Episode #303, published Fri, Feb 12, 2021, recorded Thu, Feb 4, 2021

If you are involved in science or use computational tools in your work, you should be using code to solve your problem. On this episode, we have Dr. Becky Smethurst who's an astrophysicist at Oxford University. She uses Python to explore galaxies and black holes.

Learn how she's using Python to make new discoveries at the cutting edge of research and dive into a couple of her YouTube videos aimed at spreading scientific truth in an entertaining wrapper.

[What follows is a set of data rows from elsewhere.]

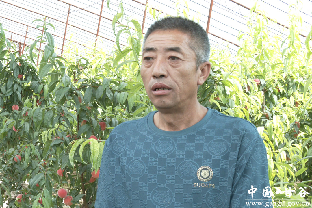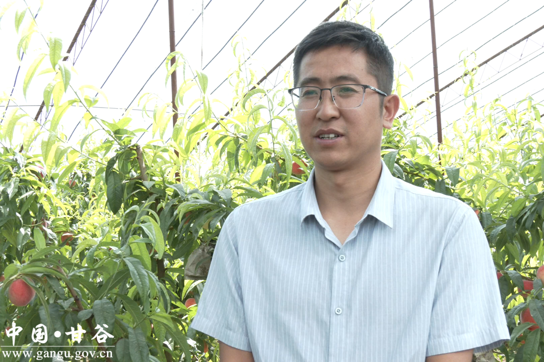 甘谷县果沣源农民专业合作社理事长金兆伟说,蜜桃基地现有大棚5座,引进三种优质蜜桃品种,其特点是错峰上市、色泽红颜、口感香甜、绿色无公害,比露天蜜桃提前上市两个月,按照现在市场行情,一斤可卖到20到30元,预计今年的大棚蜜桃产值可达两百多万元。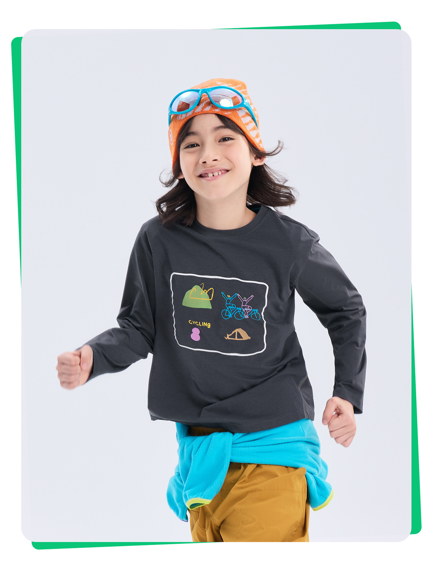 【代发】绿标手绘涂鸦长袖T儿童秋季长袖上衣纯色款SUNNYWHITEGreen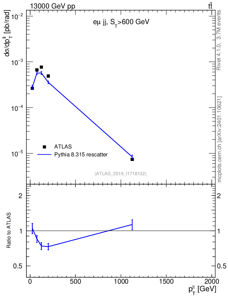 Lines: data, pythia8 8.315 rescatter |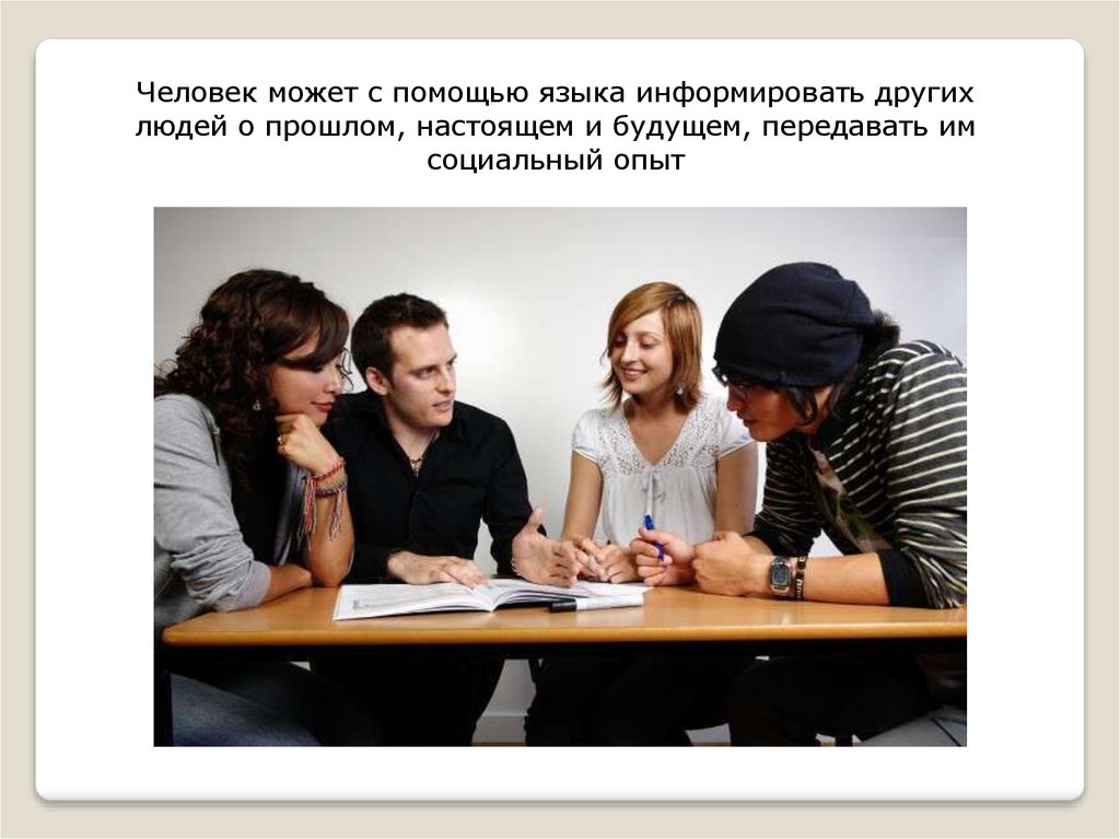 Человек может с помощью языка информировать другихлюдей о прошлом, настоящем и будущем, передавать им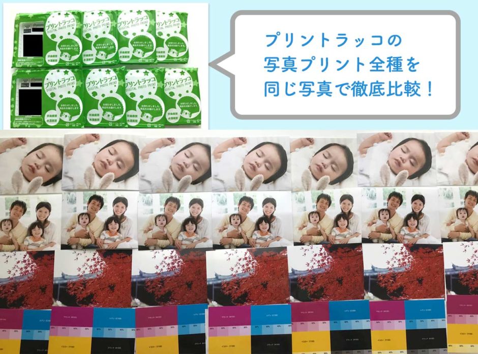 プリントラッコの写真プリント4アイテムを補正なし/色調補正ありで合計7種実際にプリントして比較しました。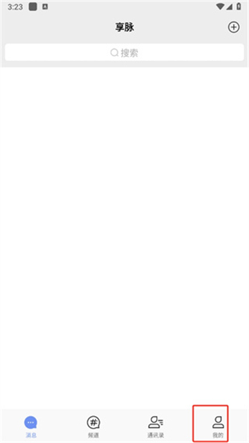 1、首先打开享脉app,进入到首页中后可以切换到频道、通讯录、我的页面,我们点击右下角的【我的】;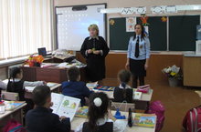 Сегодня состоялись встречи учащихся 1-х классов с инспекторами по пропаганде безопасности дорожного движения Шакировой З.В., Леонтьевой Ю.И., на которой детям еще раз напомнили правила поведения на улицах и дорогах нашего города. Юные пешеходы получили в подарок светоотражающие значки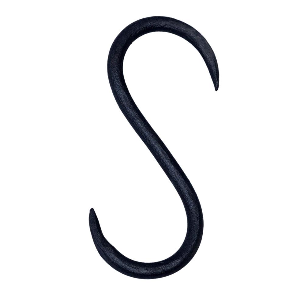 S Haken aus schwarz lackiertem Eisen. Der Haken hat viele Verwendungszwecke. Sie können den Haken überall in Ihrem Dekor verwenden. Im Badezimmer für Handtücher, im Flur für Mantel und Taschen, in der Küche für Geschirrtücher und Küchenutensilien, in Ihrem Kleiderschrank für Gürtel und Accessoires oder für etwas ganz anderes. Ein multifunktionales Produkt. Ist sowohl in einer großen als auch kleinen Version erhältlich.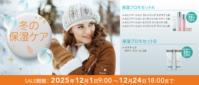 12月1日より「冬の保湿ケア プロモーション」を実施いたします。対象製品をお得な価格でご提供させていただきますので、この機会にぜひお買い求めください。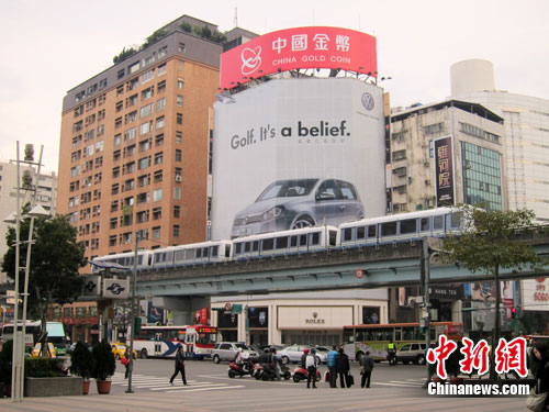 中國金幣總公司在臺灣的總經(jīng)銷臺灣大洋金幣公司2月1日在臺北市車水馬龍的忠孝復(fù)興街口設(shè)大型看板推介“中國金幣”品牌。
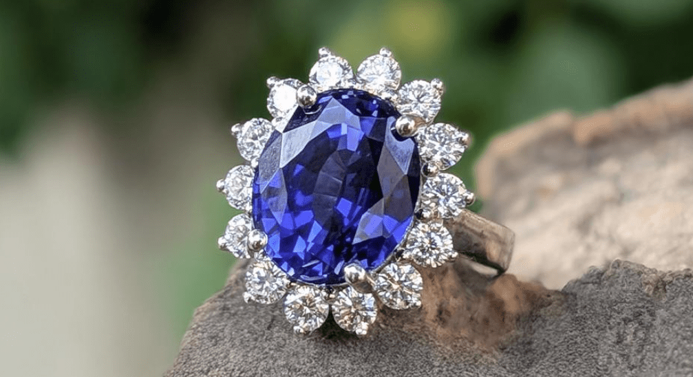 Featured piece: Princess Diana-inspired Angara Blue Sapphire Ring with Diamond Halo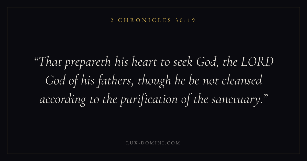That prepareth his heart to seek God, the LORD God of his fathers, though he be not cleansed according to the purification of the sanctuary.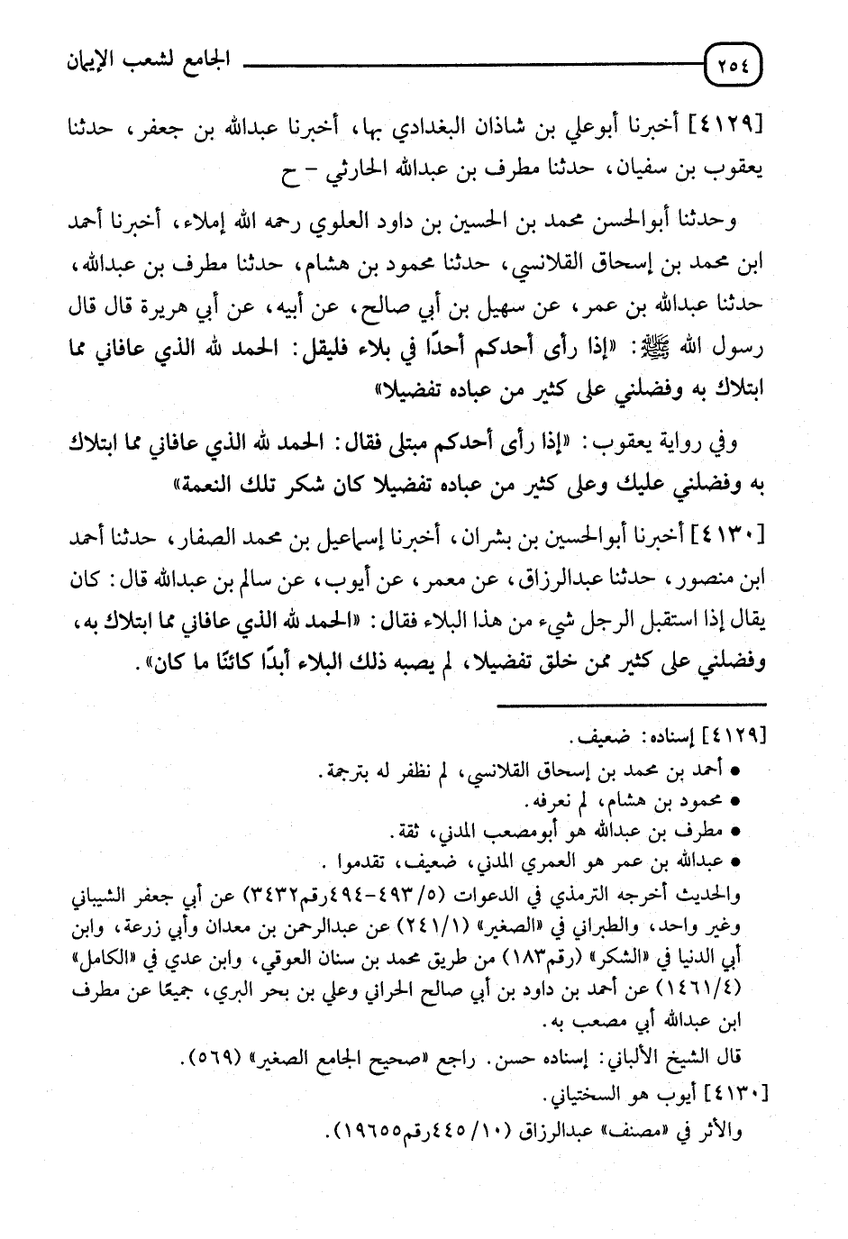 4129 - أَخْبَرَنَا أَبُو عَلِيِّ بْنُ شَاذَانَ الْبَغْدَادِيُّ بِهَا، أَخْبَرَنَا عَبْدُ اللهِ بْنُ جَعْفَرٍ، حَدَّثَنَا يَعْقُوبُ بْنُ سُفْيَانَ، حَدَّثَنَا مُطَرِّفُ بْنُ عَبْدِ اللهِ الْحَارِثِيُّ، ح وَحَدَّثَنَا أَبُو الْحَسَنِ مُحَمَّدُ بْنُ الْحُسَيْنِ بْنِ دَاوُدَ الْعَلَوِيُّ رَحِمَهُ اللهُ إِمْلَاءً، أَخْبَرَنَا أَحْمَدُ بْنُ مُحَمَّدِ بْنِ إِسْحَاقَ الْقَلَانِسِيُّ، حَدَّثَنَا مَحْمُودُ بْنُ هِشَامٍ، حَدَّثَنَا مُطَرِّفُ بْنُ عَبْدِ اللهِ، حَدَّثَنَا عَبْدُ اللهِ بْنُ عُمَرَ، عَنْ سُهَيْلِ بْنِ أَبِي صَالِحٍ، عَنْ أَبِيهِ، عَنْ أَبِي هُرَيْرَةَ، قَالَ: قَالَ رَسُولُ اللهِ صَلَّى اللَّهُ عَلَيْهِ وَسَلَّمَ: " §إِذَا رَأَى أَحَدُكُمْ أَحَدًا فِي بَلَاءٍ، فَلْيَقُلِ: الْحَمْدُ لِلَّهِ الَّذِي عَافَانِي مِمَّا ابْتَلَاك، به وَفَضَّلَنِي عَلَى كَثِيرٍ مِنْ عِبَادِهِ تَفْضِيلًا ". وَفِي رِوَايَةِ يَعْقُوبَ: " إِذَا رَأَى أَحَدُكُمْ مُبْتَلًى، فَقَالَ: الْحَمْدُ لِلَّهِ الَّذِي عَافَانِي مِمَّا ابْتَلَاكَ بِهِ، وَفَضَّلَنِي عَلَيْكَ وَعَلَى كَثِيرٍ مِنْ عِبَادِهِ تَفْضِيلًا كَانَ شَكَرَ تِلْكَ النِّعْمَةِ "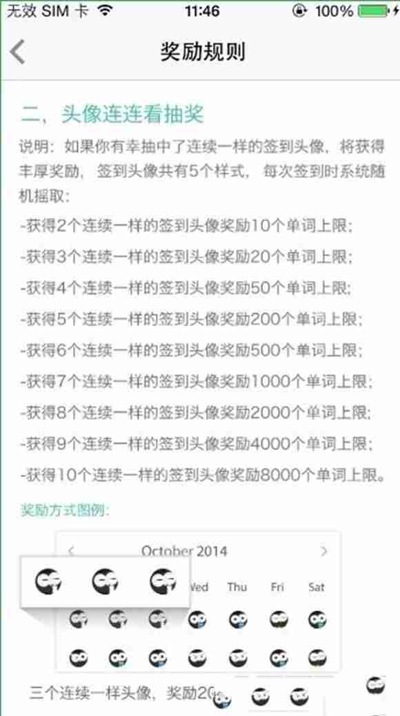 连续签到奖励:: 每日签到可获得单词上限奖励,奖励数量逐日递增,具体奖励请参考下图: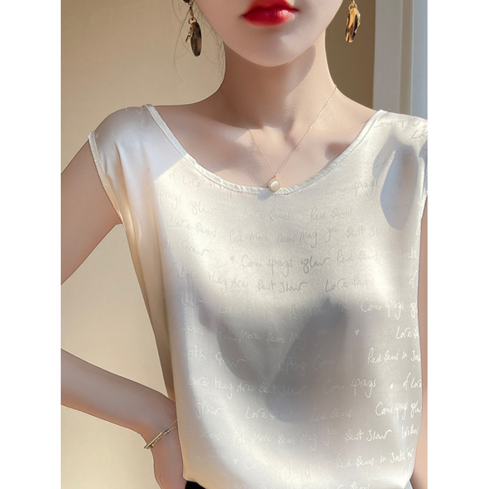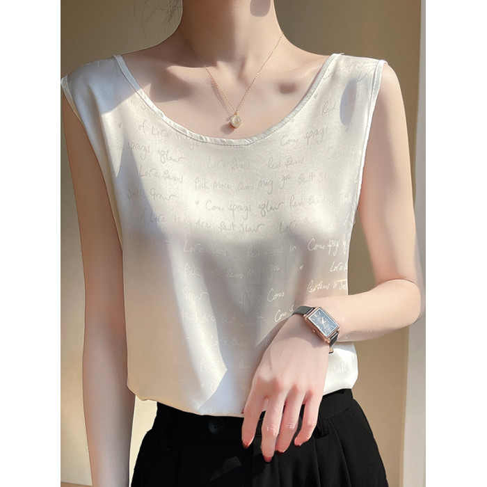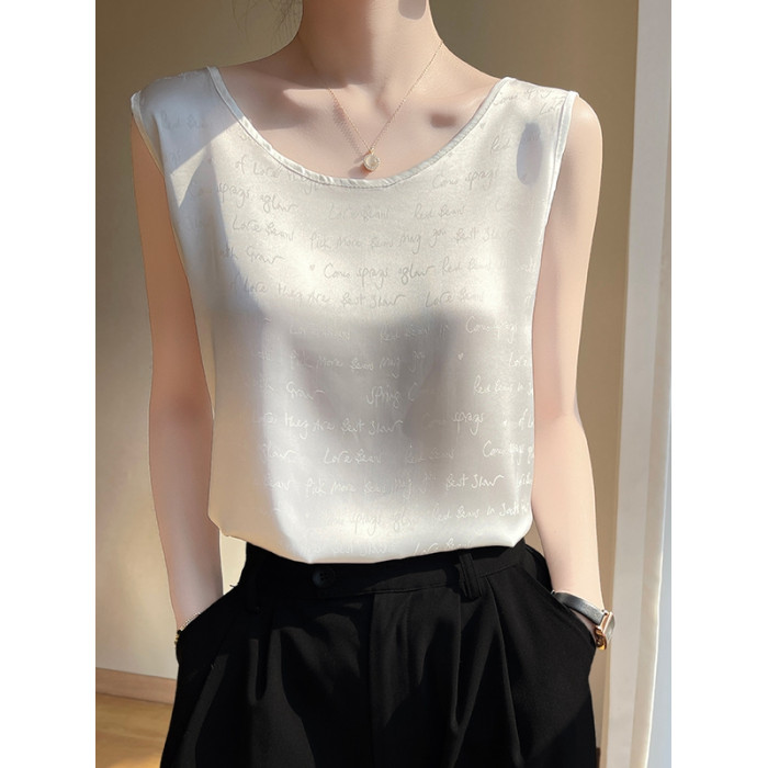 絲滑吊帶背心女西裝內搭緞面白色圓領無袖打底衫2025夏季上衣寬松

Watch this episode on YouTube
Play on YouTube
Watch the live stream version

Episode Deep Dive

Guest Introduction and Background

Dr. Becky Smethurst is an astrophysicist at Oxford University whose work focuses on supermassive black holes and the evolution of galaxies. She analyzes enormous datasets, collaborates with international research teams, and uses Python extensively to model, visualize, and interpret astrophysical phenomena. Outside her research, Dr. Becky is deeply dedicated to science communication through her YouTube channel and popular science books. She also shares how hobbyist-friendly tools (like Jupyter notebooks) and open-source libraries (like AstroPy) empower her daily research.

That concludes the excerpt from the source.